Re: An Executor-like structure providing more than threads
Tom Anderson wrote:
[...]
I could have written this with the Downloaders being the active party,
going to a queue of URLs, pulling one off, downloading it, then going
back for another. Or i could have put Downloaders in a pool, and had the
submission mechanism pull them out and hand URLs to them. But i really
wanted to be able to use all the cool stuff in ExecutorService, like
getting Futures and having orderly shutdown, and a properly controllable
thread pool and so on. So what i did was subclass Thread to add the
other bits (the HttpClient and so on), and then, in the tasks, do
something like:
((DownloadThread)Thread.currentThread()).getHttpClient()
And so on. I thought that was quite clever, although it is clearly also
entirely bletcherous.
I don't see anything fundamentally wrong with the idea. So long as you
really have a one-to-one relationship between the "downloader" and the
"thread" parts, maybe it does make sense to have a "downloader thread".
As far as the specific line of code you posted, the one change I would
have made is to have an appropriate static method in DownloadThread:
class DownloadThread extends Thread
{
public static DownloadThread currentThread() throws
UnsupportedOperationException
{
Thread thread = Thread.currentThread();
if (thread instanceof DownloadThread)
{
return (DownloadThread)thread;
}
// Alternative to the below would be to just make the
// cast and let the bad cast exception propagate up
throw new UnsupportedOperationException("current thread is not a
DownloadThread");
}
}
That way you don't have a bunch of explicit casting all over the place.

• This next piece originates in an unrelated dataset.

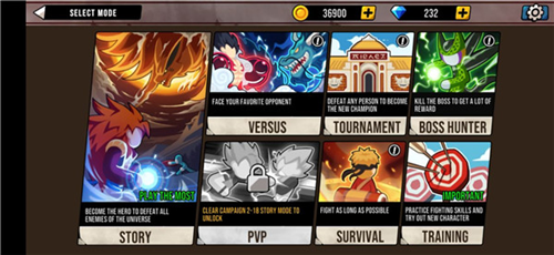 2、这里有很多玩法等着玩家前来体验,比如:PVP模式、对战模式、故事模式、锦标赛模式、Boss猎人模式、训练模式等有些需要观看广告

Though, that said it seems to me that most if not all of the time, you
should not need the currentThread() method anyway, because you should be
executing methods within the DownloadThread instance already. Cases
where client code needs to get specific output of the DownloadThread
class would be handled instead via some mechanism where you don't need
to concern yourself with the current thread. For example, a
listener/event API, or even just a simple completion callback, either
approach in a Future implementation where the relevant instance of the
DownloadThread class is delivered via some mechanism other than checking
the current Thread instance.
Any thoughts? What's the right way to do this?
I guess the more I think about it, the more I wonder why you should ever
need to make the assumption that the DownloadThread object of interest
is the same as the current Thread object.
I also think that you could implement a Downloader pool that is not so
explicitly tied to a Thread pool. It seems to me that the Thread pool
dependency is an implementation detail, and should be abstracted such
that the client of the Downloader pool should not need to know or
concern their self with that detail.
I would think that the Downloader pool client would simply submit the
URLs, and receive notification via some mechanism of completion defined
by the Downloader pool. That the Downloader pool is itself depending on
a Thread pool behind the scenes should be irrelevant and unknowable from
the API alone. To make the Downloader and Thread one and the same
object seems like a leaky abstraction to me.
That said, I try to be pragmatic. There are certainly others who are
more OOP-Nazi than I am (and I preemptively reject the rampant
over-application of Godwin's law that goes on in this newsgroup) and who
might insist against an unnecessary dependency in the object hierarchy
like that.
But while I personally probably wouldn't implement it that way, I'm not
comfortable asserting that your own choice is wrong. Especially not
having a full view of the entire system you're implementing, and
especially having experience with your other contributions to the
newsgroup (granted, sometimes having a positive reputation can interfere
with your ability to receive good, critical feedback because people make
too broad an assumption that you know what you're doing :) ). Maybe for
your particular system, this really is a good design.